Following independence, the party contested the 1983 elections, winning one seat, taken by Harry Karaeu. This seat was lost in the 1987 elections, but the party won a seat again in the 1991 elections. The party retained its single seat in the 1995 elections, but lost their parliamentary representation in the 1998 elections. It regained a seat in the 2008 elections, with Havo Moli elected in Malo/Aore. Moli was subsequently appointed Minister for Agriculture.

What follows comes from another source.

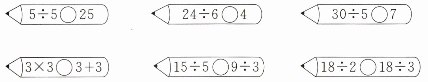 6. $18÷2 = 9$,$18÷3 = 6$,因为$9\gt6$,所以$18÷2\gt18÷3$。

In the 2012 elections, the party won three seats, with Moli joined in parliament by Samson Samsen and John Lum. It retained all three seats in the 2016 elections before losing two in 2020. In the 2022 election the party retained its only seat and remained in the opposition.

The party tends to support Vanuatu's status as a tax haven as well as private enterprise, but is in favour of free education and health care (generally a position popular on the left), and is against modern individualism corrupting customary values.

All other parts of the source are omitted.